In recent years, the cost of post-graduate education has become eye-wateringly expensive. An MSc in actuarial finance at Imperial College, London costs £18,000 for example, while an MA in fashion, experience and design management at Bocconi University in Milan comes in at €19,500. But a full-time MBA can cost anything from €14,000 to €62,000.
Bocconi charges €32,800 for its MBA, while Imperial charges £25,000.
At Insead in Fontainebleau and Singapore, the 10-month programme costs €45,000, while at Iese Business School in Barcelona the two-year MBA costs €61.900.
From September London Business School will charge participants £43,490 for the 15-21 month programme – and at IMD in Lausanne students can expect to pay SFr55,000 plus a further SFr20,000 for all programme and project-related fees.
These figures are for tuition and some materials. Participants must pay another €10,000 for accommodation and living expenses.
Such large financial overheads are not for the fainthearted and on graduation students can find themselves with crippling debts.
Why is the MBA price tag such a hefty one?
One reason of course is branding. Top-ranked schools, offering a premium product, command top prices.
Janet Shaner, director of MBA marketing at IMD in Lausanne, acknowledges the high price tag but says it is “priced just fine”.
“There is always a place for premium-priced products,” she says. “The size of that market might expand or contract, but there is always a place for a premium product, especially if we can deliver on what we promised and make the return on investment. There is clearly a place for that.” A student who wants a high-profile, high-paying job needs a well-known MBA from a top school and must be prepared to pay for it.
Julia Tyler, associate dean of the MBA programme at London Business School, concurs: “If you are making this kind of investment decision, it is an investment in yourself.”
But, she says, it is a decision with sound foundations.

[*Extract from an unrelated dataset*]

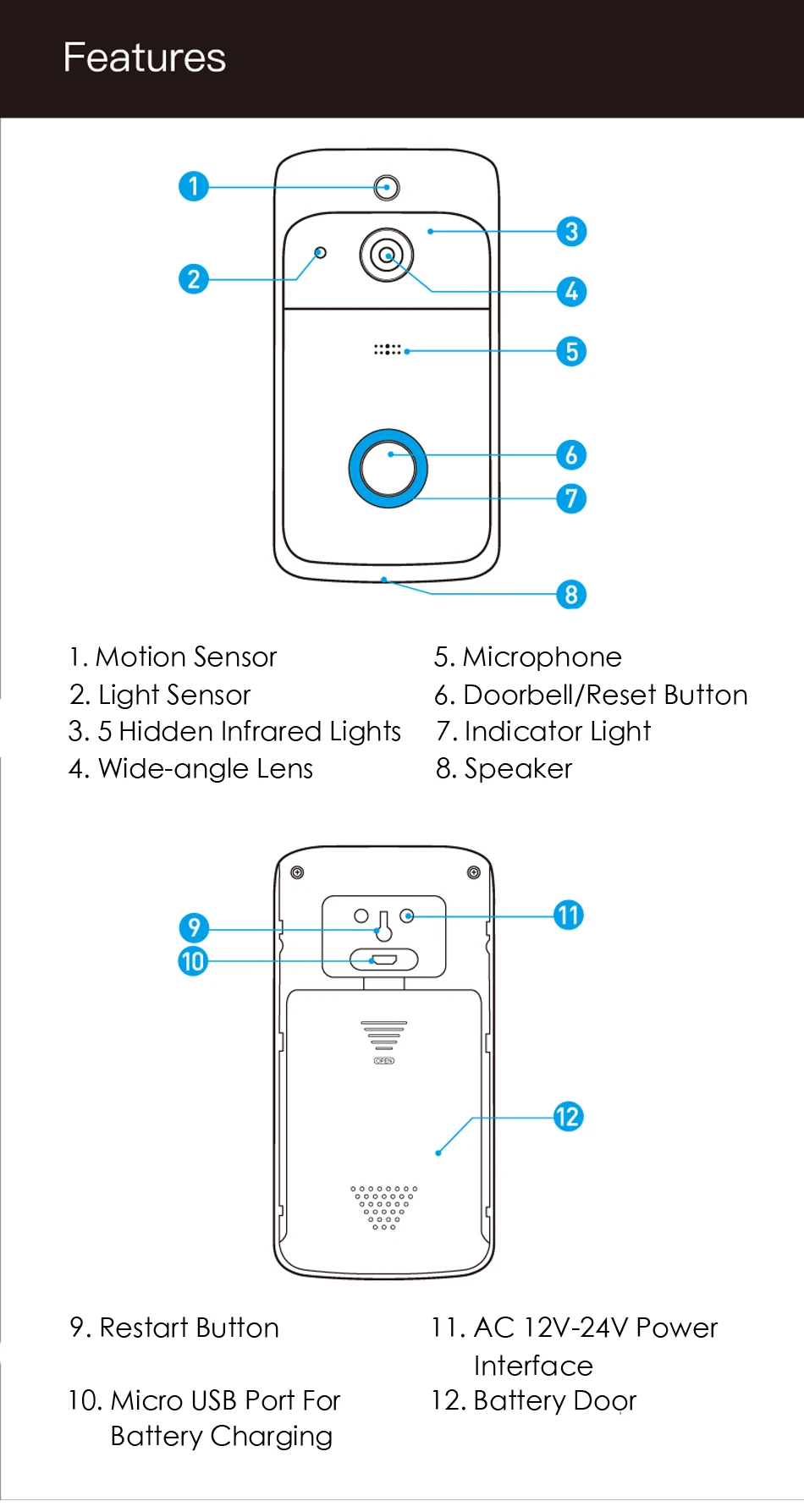 Устранение неполадок: В: мой сигнал плохой на моем дверном звонке? О: ваш дверной звонок может быть слишком далеко от вашего беспроводного маршрутизатора или у вас могут быть некоторые препятствия между тем, что снижает прочность сигнала. Вы можете попробовать перепозиционировать ваш маршрутизатор или получить расширитель сигнала/повторитель для вашего беспроводного маршрутизатора. В: Как мне сбросить дверной звонок? A: Нажмите и удерживайте кнопку RESET в течение 6 секунд. В: Как я могу поделиться видео-звонком с семьей? О: 1. Откройте приложение ToSee: С домашней страницы нажмите на дверной звонок в режиме реального времени. Нажмите на ldquoShare iconrdquo в правом верхнем углу. Введите пароль administrator устройства, затем нажмите ldquoconfirmrdquo. Taprdquo + rdquo. Введите новый прозвище userrsquos, затем нажмите ldquoConfirmrdquo. Вы увидите qr-код. 2. Откройте приложение ToSee на новом мобильном телефоне userrsquos. С домашней страницы taprdquo + rdquoin в правом верхнем углу. TaprdquoScan QR coderdquo, сканирование qr-кода, сгенерированного ранее. Вы увидите rdquosuccerrdquo, затем нажмите ldquoConfirmrdquo. Введите имя устройства. Коснитесь ldquoConfirmrdquoand yoursquore all set! В: как настроить чувствительность обнаружения движения PIR? О: 1. На странице списка устройств Нажмите на ldquoLive Viewrdquo. 2. Нажмите ldquoSettingsrdquoin в правом верхнем углу. 3.Tap ldquoMotion Detection Sensitivityrdquo Чувствительность обнаружения движения PIR Датчик движения PIR отключен 10-секундный Задержка запуска на ПИР обнаружения движения 5-секундного Задержка запуска на ПИР обнаружения движения Отсутствие задержки при обнаружении движения PIR В: Сколько пользователей может просматривать видео одновременно? О: до 4 пользователей могут просматривать видео канал, но только 1 пользователь может использовать прямой Интерком. Совместимость с iOS и Android. Вопрос: поддерживается ли WiFi 5 ГГц? Ответ: нет. Только 2,4 ГГц Wi-Fi поддерживается. В: я заказываю с батареей, почему я не могу включить камеру? О: Все батареи отправляются с изоляционной пленкой, вы должны вынуть его перед использованием. Вопрос: ночной режим на авто в ночное время? О: Да, он встроен в Фоточувствительный чип, ночной режим будет на авто ночью. В: мой дом-это вилла, я не хочу, чтобы дверной звонок с камерой вызывал меня всегда. Как я могу сделать? О: в настройках вы можете отключить Обнаружение PIR. Если вы не нажмете на кнопку дверного звонка, это не вызовет вас. В: иногда камера отключится в моем телефоне, как я могу сделать? О: передача wifi подключение к 4G или передача 4G к wifi. А затем перезагрузите приложение ToSee. Если проблема не может быть решена, затем перезагрузите дверной звонок. Вопрос: проверяется ли каждый дверной звонок перед отправкой? О: Да. Перед отправкой, все дверные звонки протестированы WiFi, качество видео, качество звука, соединение колокольчиков, обнаружение движения, ночной режим. ... И т. Д. В: Поддерживает ли дверной звонок Интерком? О: Да, он поддерживает 2CH Интерком. Независимо от того, где вы находитесь, люди возле двери могут говорить с вами, если ваш телефон имеет wifi или 4G сигнал. В: какую мощность он поддерживает? О: он поддерживает мощность 8 В ~ 24 В переменного тока. В: если питание аккумулятора истекает, как я могу сделать? О: вы можете использовать зарядное устройство с микро USB мощностью 5 В. Обслуживание клиентов Если товар неисправен, пожалуйста, сообщите нам в течение 3 дней с момента доставки, и все товары должны быть возвра

She says the return on investment at LBS can be achieved in as little as a year if participants take the fast-track MBA route and on graduation receive signing-on fees and bonuses from their new employer. She also points out that LBS students earn money during their internship and are remunerated for their second-year project. Although not all students will receive these payments, nevertheless the numbers show that three years after graduation, they have excellent career progression and higher salaries.
Ms Shaner at IMD says return on investment is approximately three and a half years, “which I think is a very good and fast rate of return, and students can then continue with their career growth and advancement.”
She says it is important that there is a correlation between the student’s and the school’s objectives.
“It is really important that your goals, school choice and investment are aligned,” she adds. A student who wants an international career and global network has different aspirations and career trajectory from someone who wants to study, work and live in their home country.
However, not all business schools charge top-of-the-range prices.
Grenoble School of Management in France charges approximately £13,000 for its MBA. According to Judith Bouvard, dean, alumni say that is good value for money and a sound investment. And, at Audencia Nantes School of Management in France, the 12-month, full-time MBA programme costs €19,000, less than half that of an Insead MBA.
Valérie Claude-Gaudillat, director of MBA programmes, says when the MBA programme was added to the school’s portfolio it was decided fees would be kept low.
“I believe we offer really good value for money,” she says. “I believe we offer everything – we provide very good levels of teaching, we provide individual coaching in terms of professional development.”
She believes that once some European schools attain the same quality as their US cousins, they align their prices alongside those of the US.
But Antonio Fatas, dean of the MBA programme at Insead, is dismissive of such arguments.
“We don’t think about the US as anything special,” he says. “We share the same market as the US market, we use the same faculty, our costs come up the same. We deal with the same applicants, the same recruiters, we are in a similar market with a similar product, so it [the MBA] is a similar price.”
In common with many schools he points out, Insead is a not-for-profit institution and MBA fees cover the costs of technology, faculty, teaching tools and so on.
Like Ms Shaner he believes the MBA “is priced just right”.
And he points out that students are willing to pay the fees – if this were not the case, demand would fall.
Opting to study for an MBA is a lifestyle choice and ranks with buying a home and a car as one of the biggest investments an individual will make. But Ms Tyler says potential students must remember it is a one-off purchase.
For example, she says, LBS offers its alumni a life-long career service, continuing education and an international global network of like-minded individuals. An alumnus who maintains links with the school will find the investment lasts a lifetime – a boast that even the most persuasive car salesman cannot make.